Aloe vera is also available in freeze-dried capsules. Follow the dosage directions on the package when taking aloe in capsule form.
If you take any medications, talk with your doctor or an integrative physician before taking aloe vera juice and be sure to read the precautions below.
Aloe Vera Juice Side Effects and Precautions
1. If you’re currently being treated with any of the following medications, you should not use aloe vera without first talking to your doctor:
- Medications for diabetes: One of the health benefits of aloe vera juice can also be one of its main side effects, as it helps lower your blood sugar level. This may be potentially dangerous for people already suffering from low blood sugar.
- Digoxin and diuretics: Because taking oral aloe can decrease levels of potassium in the body, aloe latex should not be used by people taking diuretics (water pills) or digoxin (a medication used to treat irregular heart rhythms and congestive heart failure). These drugs also lower potassium levels in the body, so a combination of aloe and digoxin or diuretics could cause potassium levels to fall too low.
2. Aloe-emodin, aloin, and aloe latex (yellowish substances naturally present just under the skin of the plant) are classified as anthraquinones, a type of laxative. Since these substances may have toxic effects, some medical experts recommend avoidance of aloe juice that contains anthraquinones. One consideration is to use one of the commercial aloe vera juice products that have the anthraquinones removed. Also, it’s almost impossible to remove the anthraquinones when trying to make your own juice from the plant. So if you want to use aloe vera juice on a regular basis, it’s highly recommended you use one of the commercial aloe vera juice products.
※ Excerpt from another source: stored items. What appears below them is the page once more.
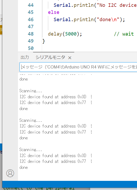 기존에 많이 사용되는 i2cScanner.ino를 실행하여 슬레이브 주소를 확인합니다.이 마이컴 보드에는 Qwiic 전용 커넥터가 준비되어 있지만 BME280은 인식하지 못했습니다.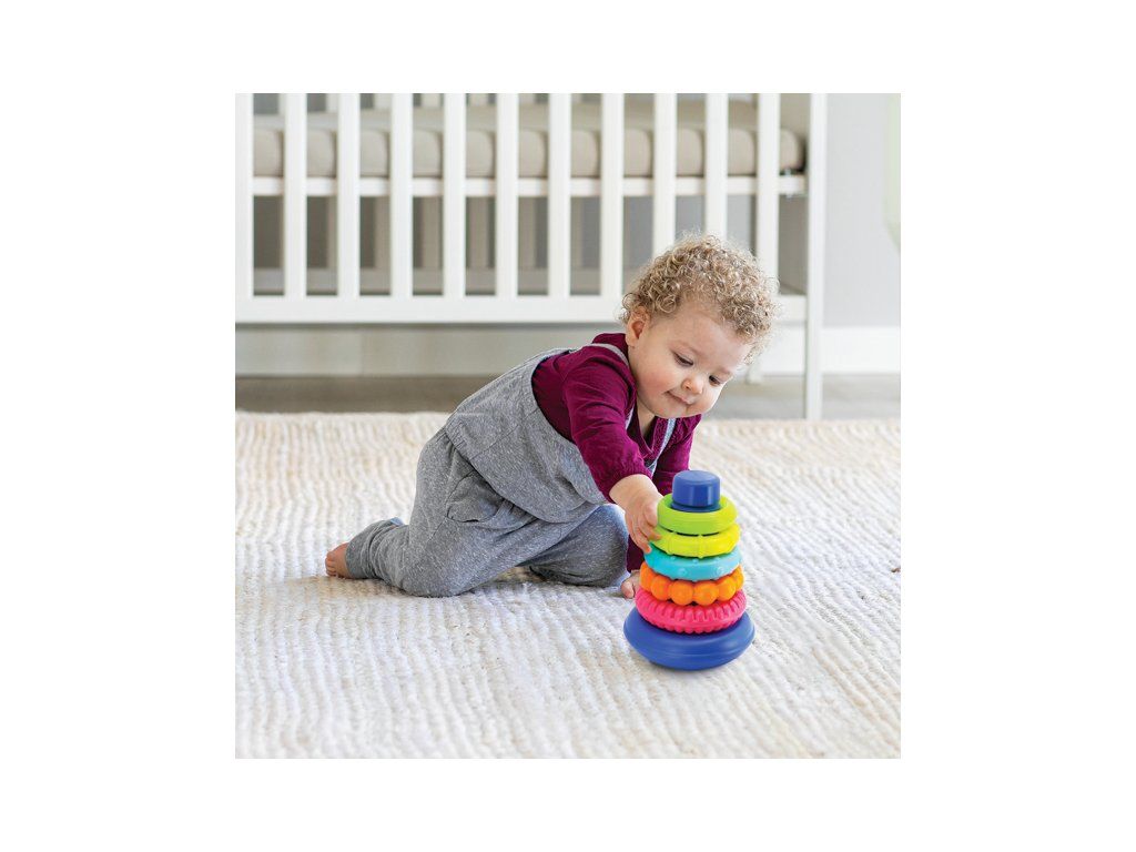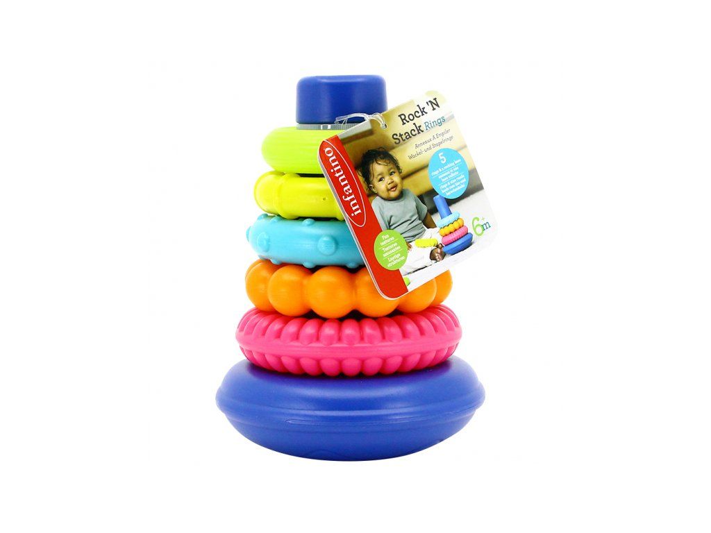 Díky kulaté základně se hračka kýve do všech stran a nasazení kroužků bude pro dítě docela výzva!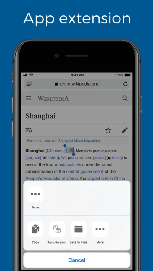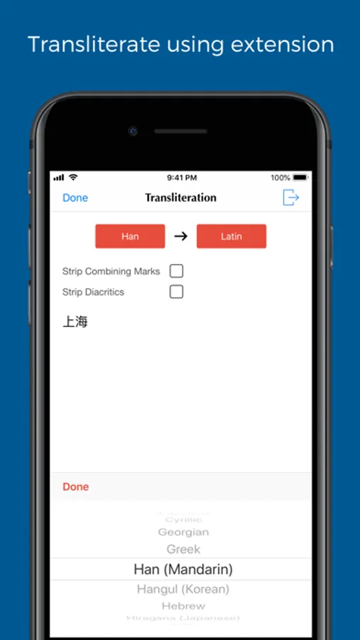 - When you browse a website and find some foreign words, you can select the words and choose “transliteration” extension. The app extension will transliterate the selected words to target script.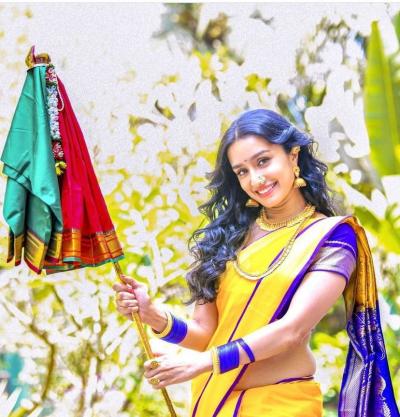 Shraddha Kapoor’s Gudi Padwa look featured a striking yellow and purple Nauvari saree, accessorized with gold jewelry and purple bangles, reflecting festive vibrancy and cultural richness.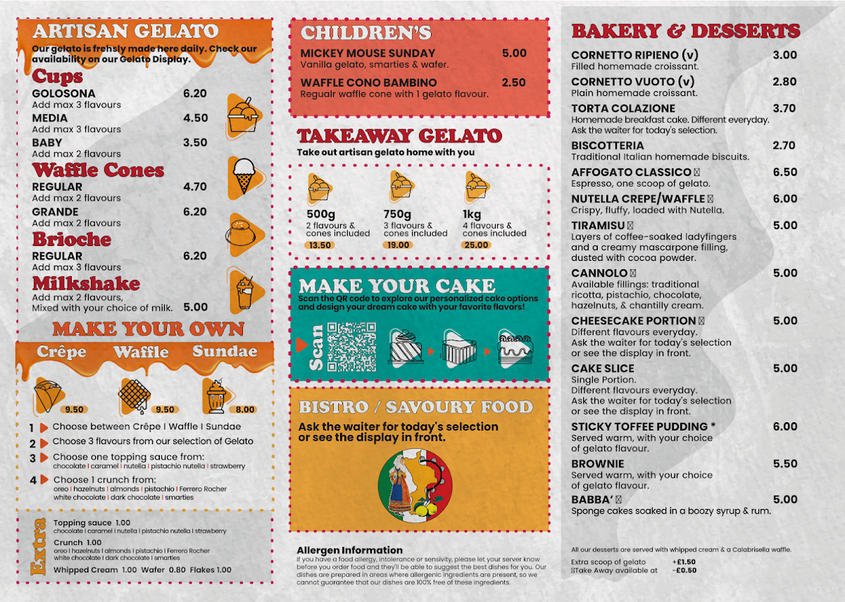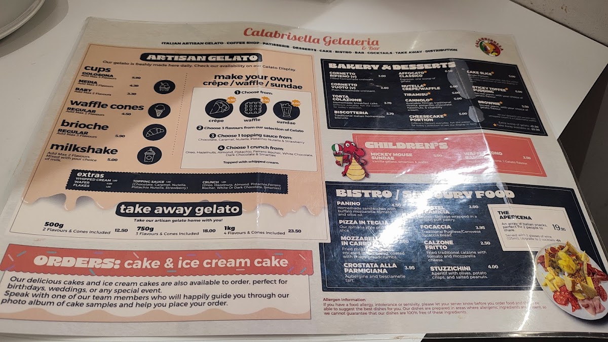 Calabrisella Gelateria offers a delightful selection of traditional Italian treats that are perfect for satisfying any sweet tooth. Their artisan gelato comes in various sizes, including Golosa and Media, with prices catering to both small and large appetites. For the younger crowd, the Mickey Mouse Sundae and Waffle Cono Bambino offer playful, kid-friendly options. The bakery and dessert section is equally tempting, featuring Cornetto Ripieno (v) and Cornetto Vuoto (v) for those seeking a pastry delight, while the indulgent Torta Colazione Biscotteria and refreshing Affogato Classico provide the perfect end to any meal. For those feeling creative, the Make Your Own section invites customers to build their own Crêpe, Waffle, or Sundae. If you're in the mood to enjoy some gelato at home, take advantage of their takeaway gelato options, available in 500g, 750g, or 1kg sizes. Overall, Calabrisella Gelateria serves up a menu full of delicious, customizable treats that ensure there's something for everyone to enjoy.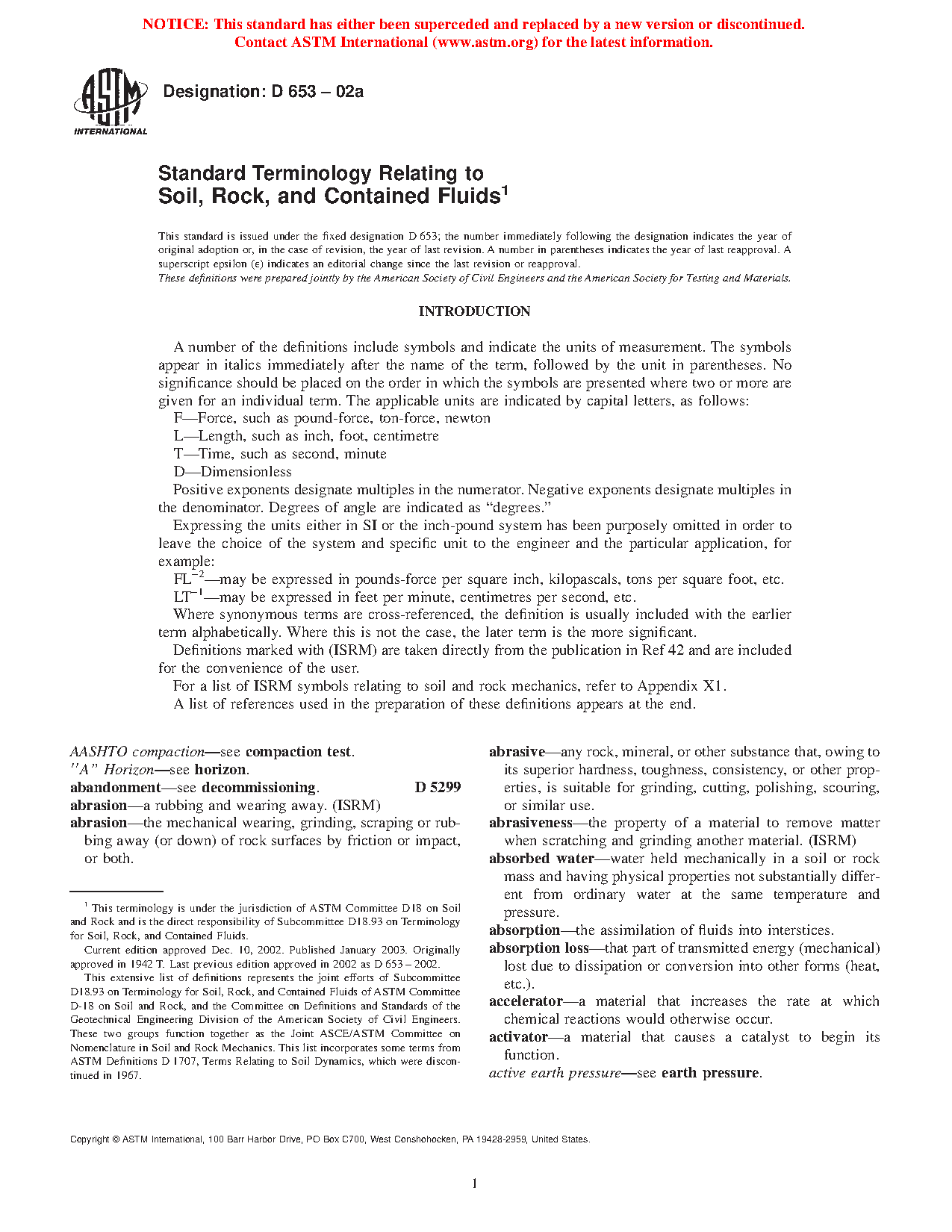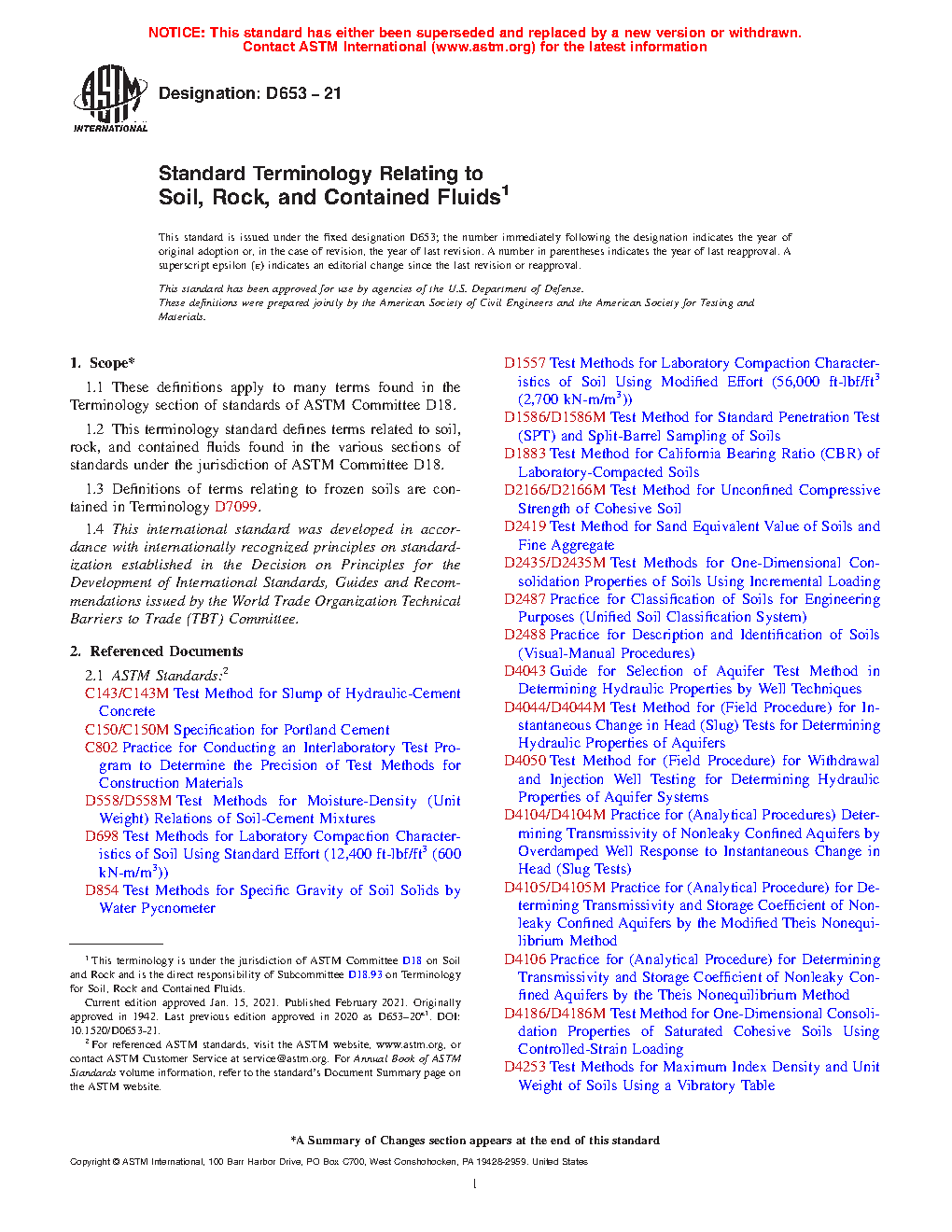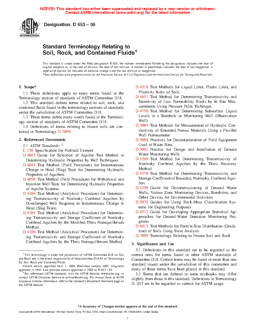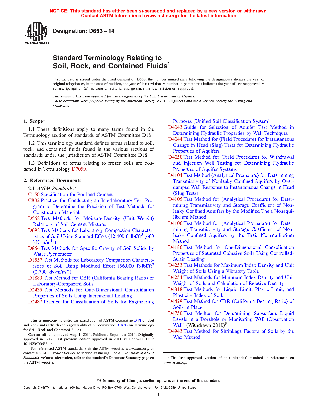 1.2Â This terminology standard defines terms related to soil, rock, and contained fluids found in the various sections of standards under the jurisdiction of ASTM Committee D18.

When purchasing a “whole leaf” aloe vera juice, make sure the label clearly states the “emodin” or “aloin” has been removed. Or, you can purchase aloe vera juice made from the “inner leaf” or “inner gel,” which does not contain these anthraquinones. Again, do not try to make aloe vera juice at home; instead, purchase one of these products.
3. Aloe vera juice, when consumed in an excess amount, can lead to abdominal cramping, diarrhea, dehydration and electrolyte imbalance.
Reduce Your Risk of Heart Attack and Stroke
The preliminary research studies on aloe vera juice are promising. But to achieve the best results for heart attack and stroke prevention, it is recommended you combine aloe vera juice with other health strategies such as diet and exercise. Some believe it’s beneficial to take vitamins and other supplements and even certain foods, such as chia.